As soon as the production assistant motions we’re clear, I allow my shoulders to sag, my face relaxes, and I don’t hesitate to pull my earpiece out. I exit the stage and head toward my dressing room, which in reality is a closet with a desk and a pocket door. I added a do-it-yourself vanity mirror so I could do my make-up with some decent lighting and managed to change the overhead light to something better. Honestly, anything is better than what was in here when I took the job as Channel 3’s Weather Girl, a nickname if you will, that some jackass producer branded me with during the promos the station ran before I started. I’ve tried many times over the past couple of years to get rid of it, but sadly, this is how people know me in Dickinson, North Dakota.

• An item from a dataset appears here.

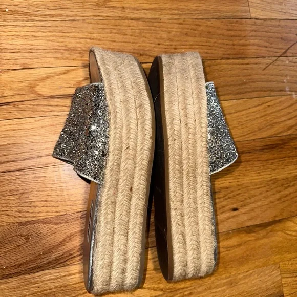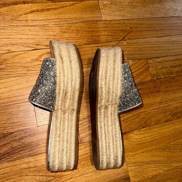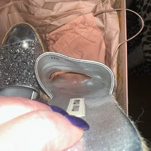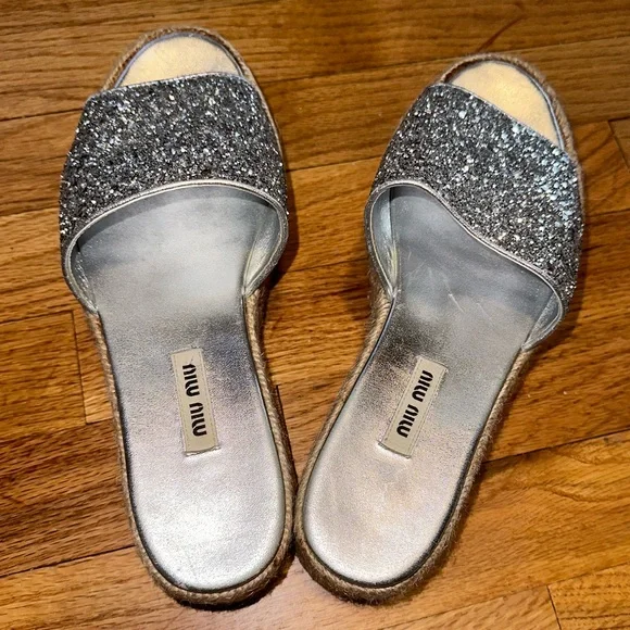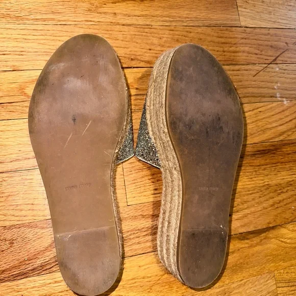 Miu Miu Calzature Glitter leather espadrille wedge slides size 38.5Only worn a handful of times . Near new condition with very minor blemishes. You won’t see the blemishes when you wear them because it’s mostly on the soles.

“Great show this afternoon, Autumn,” my assistant Parker says as I walk toward her. Her arms are full, and she’s balancing two bottles of water and two cups of what I’m assuming to be coffee on her clipboard, which is stacked on top of files filled with paper. I share Parker with three other anchors and have tried my best to make her job easy.

“Thank you,” I say, reaching for one of the waters. I don’t want her to try and give it to me because I’m fearful she’ll spill the contents of what she’s holding all over the floor. Parker smiles softly and then sighs. She has a tough job, a demanding one. One of the anchors is a diva with an ego larger than Texas. A few of us wonder why she’s still here, broadcasting the news to some twenty-two thousand people. For me, this is a stepping-stone to something bigger and better.

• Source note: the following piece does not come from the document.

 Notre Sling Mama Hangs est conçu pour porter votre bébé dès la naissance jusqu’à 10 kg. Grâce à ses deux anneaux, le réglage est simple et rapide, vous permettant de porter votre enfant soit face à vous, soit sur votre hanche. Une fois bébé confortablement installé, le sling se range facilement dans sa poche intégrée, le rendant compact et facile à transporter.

I step into my pint-sized dressing room and pull the metal hook to slide my pocket door closed. It wobbles, sticks, and I’m forced to give it a hard yank. I finally sit down, and I swear my body sighs from exhaustion. I’ve been up since before the sun to cover for our morning meteorologist, who called out sick at the very last possible moment. Then, I had to hurry across town to an elementary school for an assembly. My neighbor is in third grade and asked if I would speak at career day. There was no way I’d pass up the opportunity. Afterward, I rushed back to the studio for my afternoon slot to tell the fine people watching that the sun is shining, but it’s chilly, and a sweater might come in handy.

Slowly, I pull my right leg up to rest on my left knee, and as gently as possible, slip my high-heeled shoe off. If toes could scream, mine would holler from the highest peak in pure relief. I do the same to my other foot, and as I lean back in my chair, I wiggle the digits that I’m so mean to. Heels are a necessary evil, a must. They elongate the legs and force us to stand tall. As much as I appreciate the good posture in front of the camera, it doesn’t mean I enjoy standing on the pointed spikes for hours on end.

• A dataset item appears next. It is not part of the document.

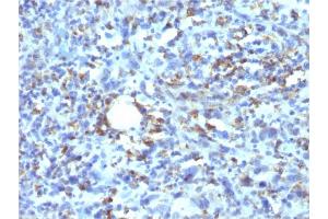 - This antibody recognizes a glycoprotein of 110 kDa, which is identified as CD68. It is important for identifying macrophages in tissue sections. It stains macrophages in a wide variety of human tissues, including Kupffer cells and macrophages in the red pulp of the spleen, in lamina propria of the gut, in lung alveoli, and in bone marrow. It reacts with myeloid precursors and peripheral blood granulocytes. It also reacts with plasmacytoid T cells, which are supposed to be of monocyte/macrophage origin. It shows strong granular cytoplasmic staining of chronic and acute myeloid leukemia and also reacts with rare cases of true histiocytic neoplasia. Lymphomas are negative or show few granules.
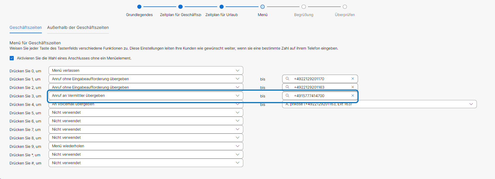Gemäß dem Beispielszenario, können Sie im rechten Screenshot einsehen, wie Sie eine Mobilfunknummer im Sprachmenü einbringen können. (Bedenken Sie, dass Sie auch das IVR für außerhalb der Geschäftszeiten konfigurieren müssen). - Erledigen Sie die weiteren Schritte, um den Auto Attendant anzulegen.

I’ve been known to walk around the studio in my slippers. But as of late, I prefer my Birkenstocks. They’re comfortable, yet not fashionable at all. They’re also a major turn off to the single men who work here. I love it. I’m not looking for an office romance or a quickie against my vanity. I want something meaningful. I want a relationship that grows up from the bottom with dates and old-fashioned wooing. Where, if the guy is a gentleman, maybe he gets a kiss at night. As much as I hate to admit it, I want to be courted. Nowadays, it’s all about swiping right and people wanting to “Netflix and chill.”

My phone rings, and I groan. Not because I don’t want to answer it, but because doing so requires me to move. I hate feeling this way and sense that it’s my unhappiness at my job that is bringing me down. Usually, I’m cheery—the life of the party. I’m the one who can have a meaningful conversation with a wall and feel satisfied at the end of the night. As of late, though, I’m a Debbie Downer, and I think it’s because every job I apply for, I’m either passed over because someone is more qualified or I’m not the right fit. Still, I’m pushing the send button on my resume and highlight reel for every job that opens up at a new station.

My ex's name and picture take up the screen of my phone. We’re friends, better friends than we were lovers. I click to answer and press the speakerphone button. I’m too tired to put in the effort right now.